On-line version ISSN 2078-5151
S. Afr. j. surg. vol.51 n.4 Cape Town Jan. 2013
N Mahomed; T Motshudi
Department of Diagnostic Radiology, Faculty of Health Sciences, University of the Witwatersrand, Johannesburg, South Africa
An ectopic posterior pituitary gland is a rare condition and may present with an empty pituitary fossa, hypoplasia or absence of the infundibular stalk and resultant short stature due to growth hormone deficiency. The location of the ectopic lobe can vary, but it is most commonly situated along the median eminence in the floor of the third ventricle. We report a case of an ectopic posterior pituitary gland, describe the causes and discuss the diagnostic imaging features.
An 8-year-old boy presented to paediatric endocrinology with short stature, delayed bone age and biochemical features suggestive of hypopituitarism. Magnetic resonance imaging of the brain demonstrated a flattened anterior pituitary gland within the sella, associated with absence of the infundibular stalk and an ectopic posterior pituitary gland (Fig. 1). There was associated tonsillar ectopia due to the small cranium.
An ectopic posterior pituitary gland is a rare condition and may present with an empty pituitary fossa, hypoplasia or absence of the infundibular stalk and resultant short stature due to growth hormone deficiency. It may be associated with septo-optic dysplasia, Chiari I malformation, agenesis of the corpus callosum, Kallmann sydrome and peri-ventricular heterotopias.[1,2] The location of the ectopic lobe can vary, but it is most commonly located along the median eminence in the floor of the third ventricle.[1,2]
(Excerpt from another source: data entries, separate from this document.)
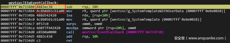 使用windbg工具进行更深入的分析后我发现这个回调函数是wevtsvc!EtwEventCallback
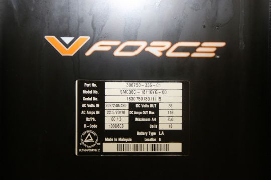 Force Battery Charger, M/N SMC36C-10116YG-00, with Gray Connector (LOCATED IN DOUGLAS, GA) (Rigging, Handling, & Site Management Fee: $50.00 USD)
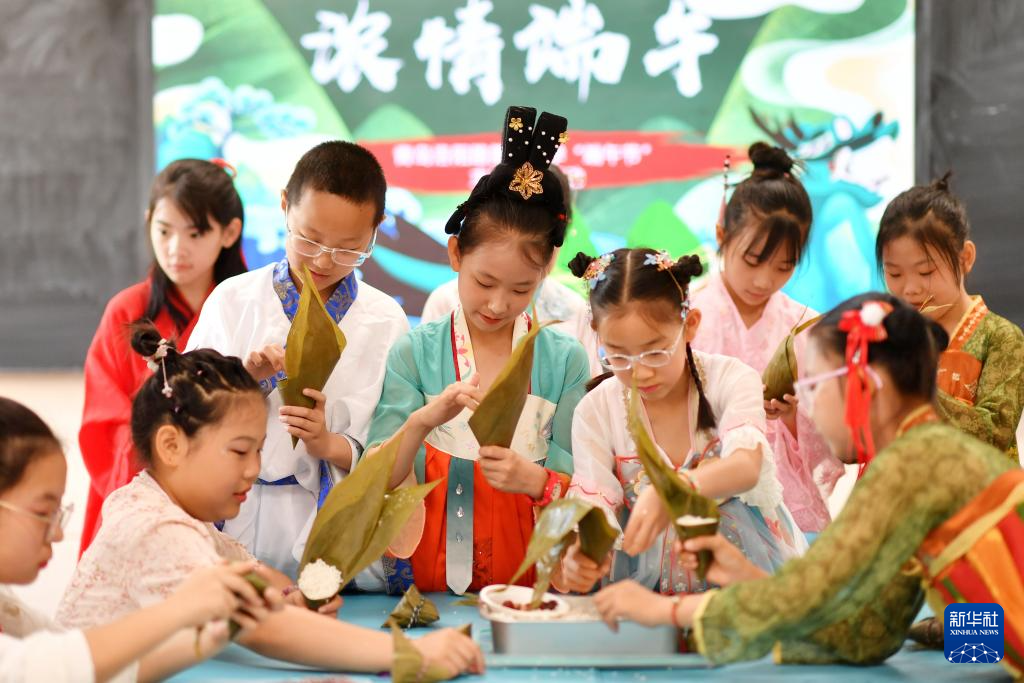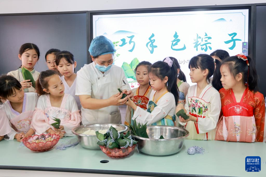 5月27日,在山東省臨沂市銀雀山小學,食堂阿姨教學生包粽子。
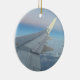 Aviation themed Airplane Christmas Photo Custom Ceramic Ornament. This photo was taken by me during one of my flight. I love sitting by the window because I love seeing the clouds and sky. Customize it with a personal message in the back and replace photo or use mine. Perfect for a pilot, flight instructor or aviation enthusiast.
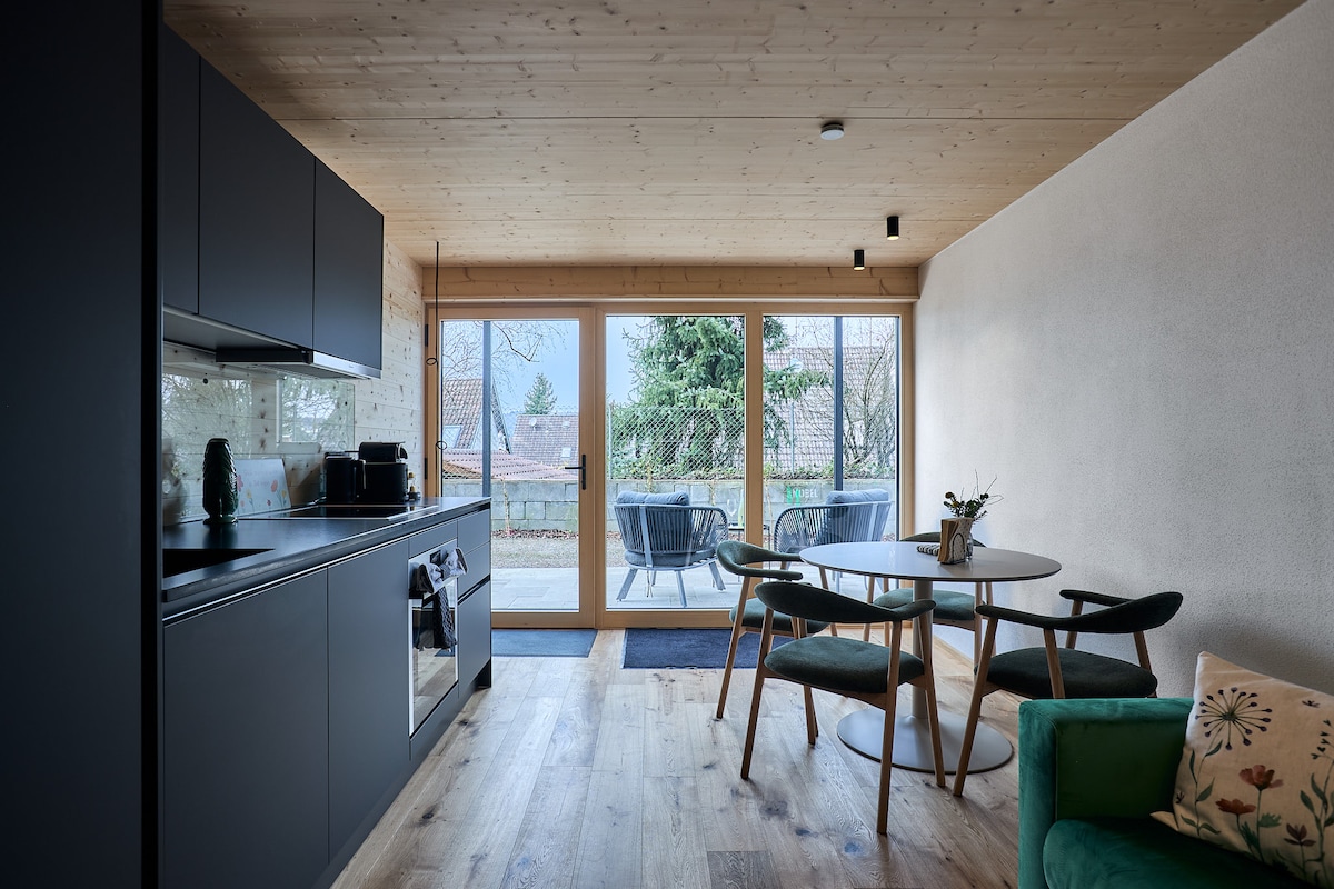 El apartamento boutique, luminoso, moderno y soleado, está situado en una zona tranquila y verde. Hay una terraza, una zona de fogatas y un parque infantil. Varias vistas, la naturaleza y el lago de Constanza te invitan a descubrir y relajarte. El apartamento es ideal para parejas y familias. El transporte público (parada de autobús, estación de tren) está en las inmediaciones y se puede llegar al lago Constanza en 5 minutos en coche. Comprar verduras frescas de temporada de nuestra propia granja.
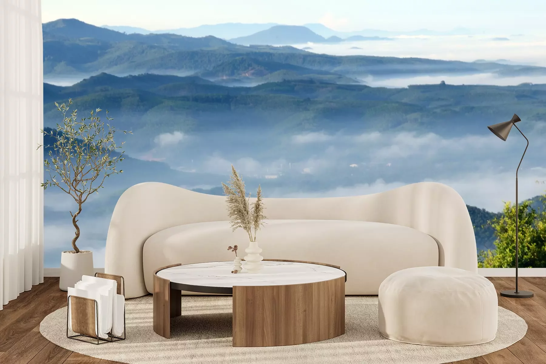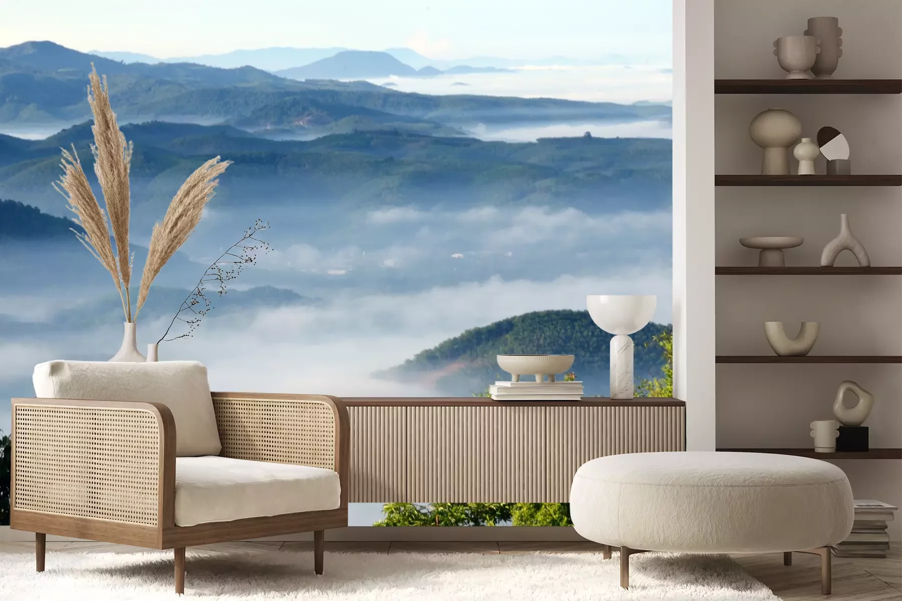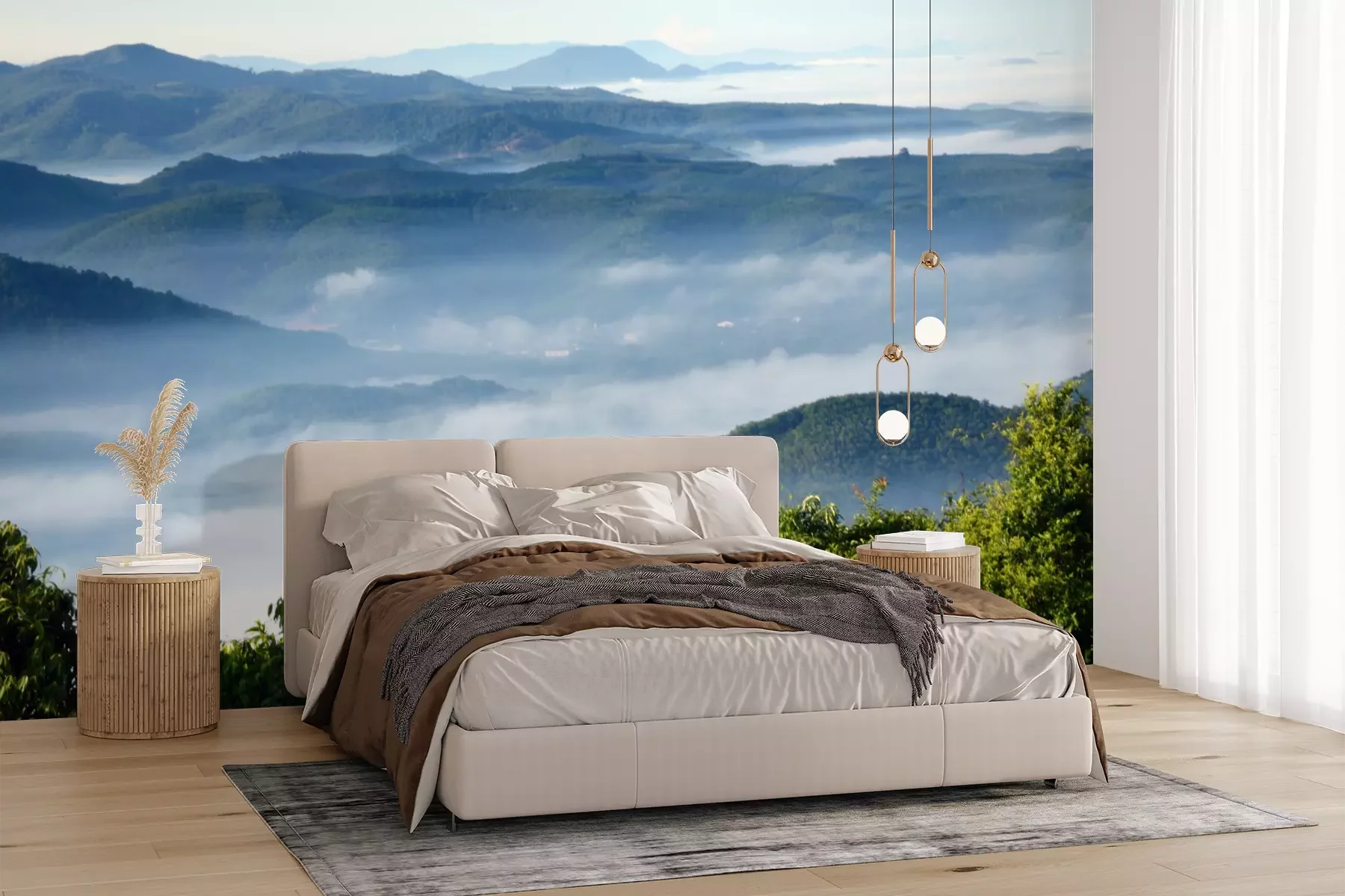 Het materiaal Premium+ is een gestructureerd vinyl op vlies met een gewicht van 255 g/m², dat kleine oneffenheden in de muur effectief camoufleert. De subtiele structuur van fijn zand geeft het oppervlak een exclusieve uitstraling, terwijl de halfmatte afwerking de diepte van de kleuren benadrukt. Het materiaal is dampdoorlatend, waardoor het ook in de keuken en badkamer kan worden gebruikt. De maximale breedte van één baan bedraagt 100 cm – bij grotere afmetingen wordt het fotobehang in meerdere gelijke banen verdeeld. De lijm wordt direct op de muur aangebracht en het behang wordt rand-aan-rand geplakt, wat zorgt voor een esthetisch resultaat zonder zichtbare naden. Het oppervlak kan gemakkelijk worden schoongemaakt door het voorzichtig af te nemen met een vochtige doek.
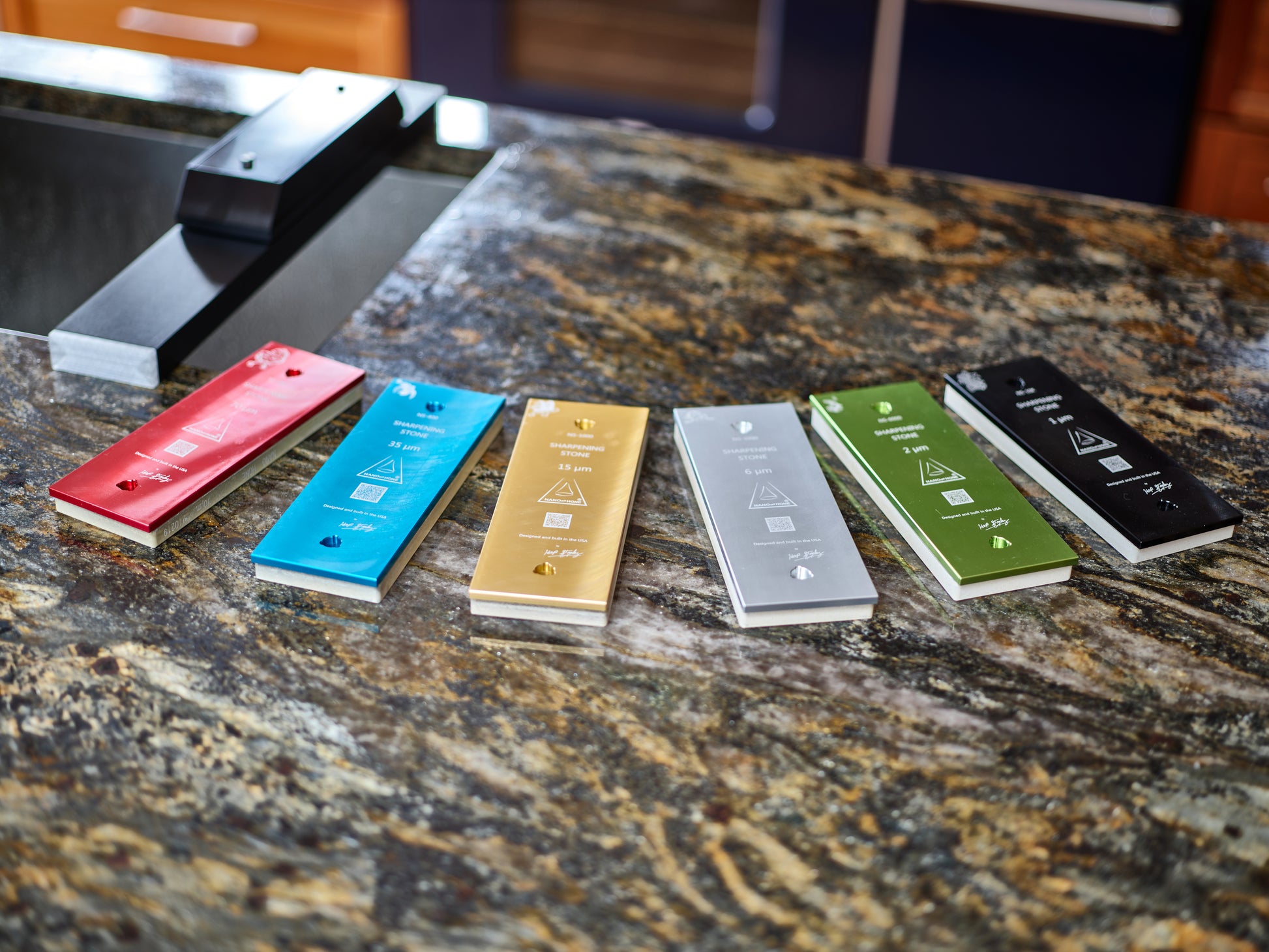 -A great touch up tool for stainless steel knives. Our 35 micron sharpening stone is resilient and still has bite and feel. Woodworkers' favorite.
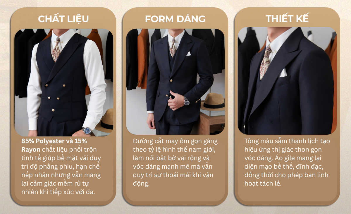 Bộ phối 3 mảnh (3-Piece): Bao gồm áo Jacket, Gilet (Waistcoat) và quần tây, mang lại sự linh hoạt tối đa cho các dịp trang trọng.
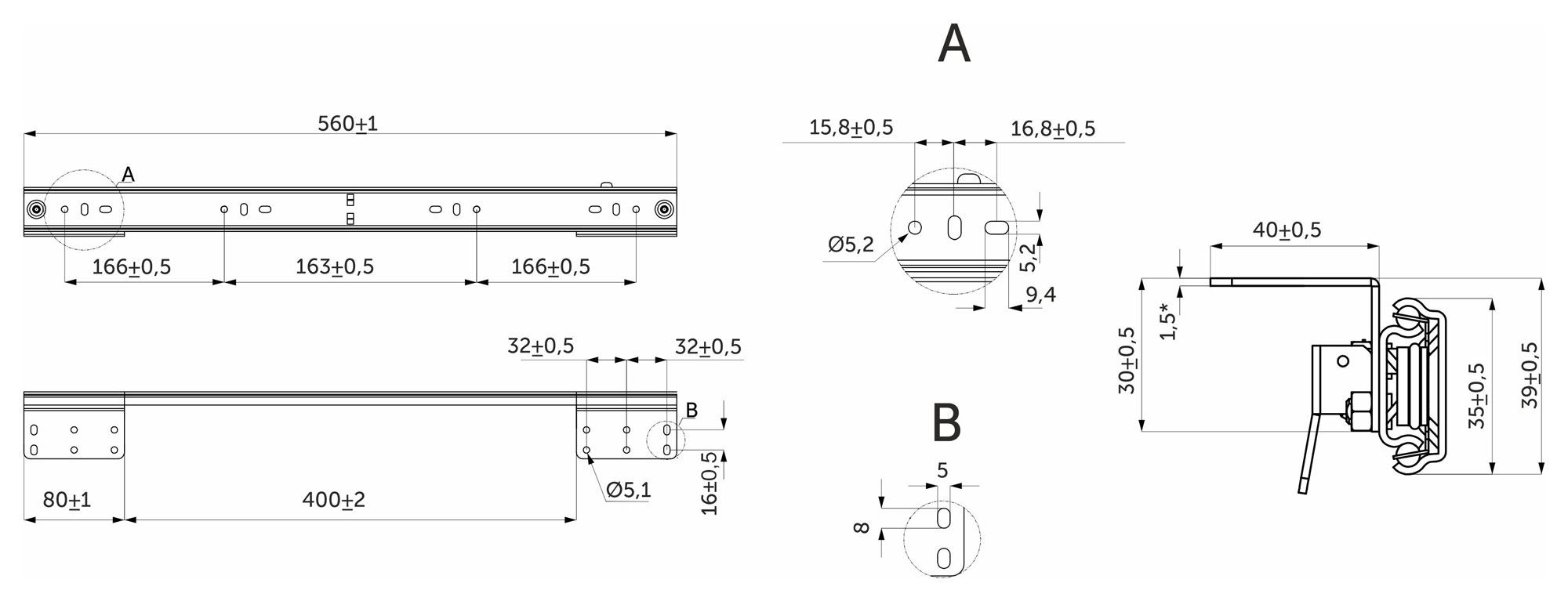 Механизм для раздвижных столов AKS L-560, внутренний синхронный, со стопором
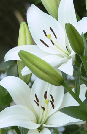 • Окраска цветка : крупный, белый удлиненной формы, темно-оранжевые пыльники, у центра мелкий редкий красный крап
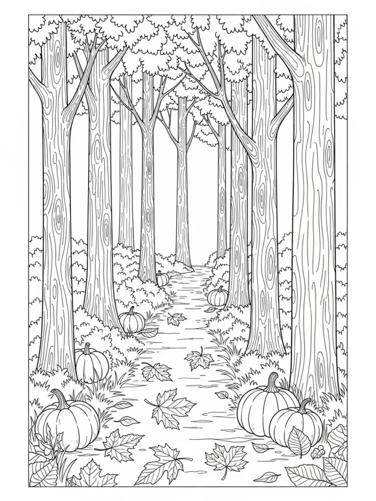 This coloring page transports us right into the woods during peak autumn foliage, giving us a wonderful sense of depth and atmosphere. The composition is strong, utilizing tall, textured tree trunks to frame a winding path that leads the eye toward the distant, softly rolling hills. The path itself is lined on both sides by grassy, bushy undergrowth and several lovely pumpkins resting on the ground among fallen leaves. The trees overhead have branches with detailed foliage creating a canopy that hints at the change of season. The line work is clean, with excellent texture lines defining the bark of the trees and the segments of the gourds.
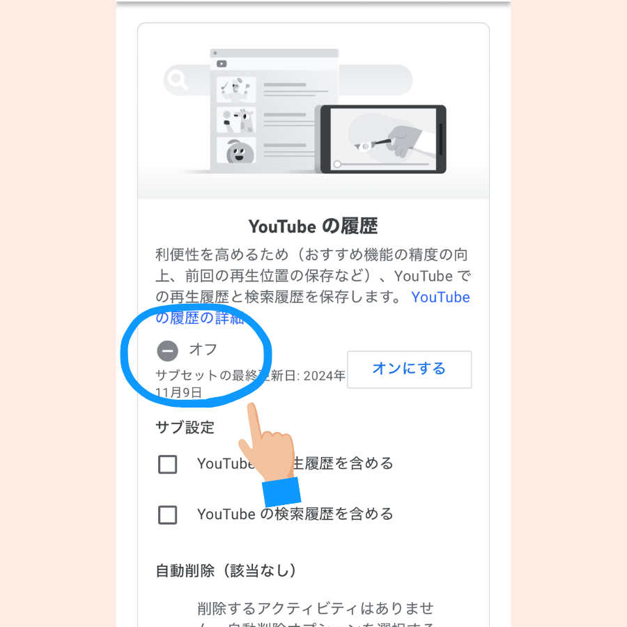 Youtubeも再生履歴をOFFにして、おすすめ動画や関連動画が出てこないように設定しています。
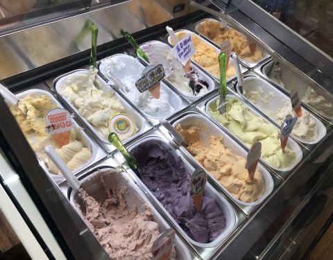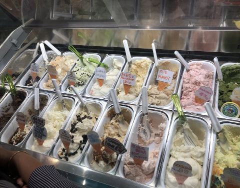 - 可以试吃,服务员超级nice,选择两个球35mop,冲绳盐味和杏仁豆腐,好吃
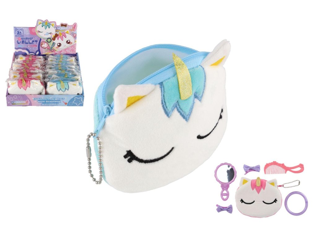 Peněženka dívčí jednorožec semiš 12x10cm s doplňky do vlasů 2 barvy v sáčku 16ks v boxu
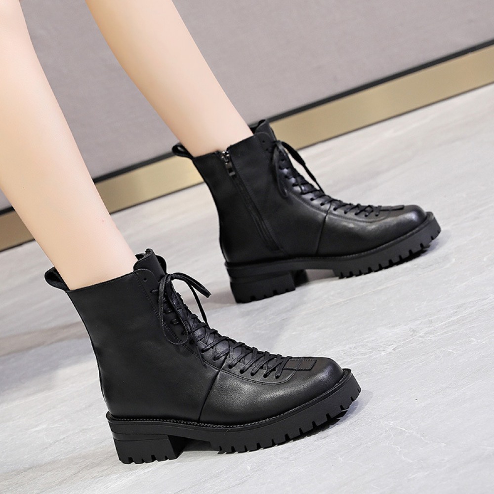 Women's Martin Boots Thick-Soled Female Spring And Autumn Thick Heel Short Boots
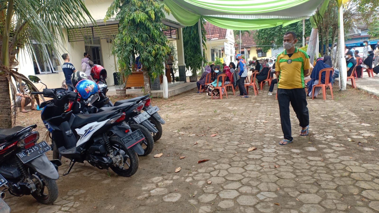 “Pembagian sertifikat atau kartu vaksinasi hanya kami berikan satu kartu, karena jaringan terganggu sehingga kami buat secara manual” kata petugas vaksin kepada awak media.

Causes of an ectopic posterior pituitary gland include defective neuronal migration during embryogenesis, tumours, trauma, or surgical transection of the pituitary stalk.[3,4] Usually the anterior pituitary gland is absent, or attenuated and reduced in height, and the infundibular stalk may not be visible. The infundibular stalk is best assessed after injection of gadolinium. Signal hyperintensity in the posterior aspect of the pituitary gland on T1-weighted images is related to the paramagnetic effect of the vasopressin-neurophysin II co-peptin complex.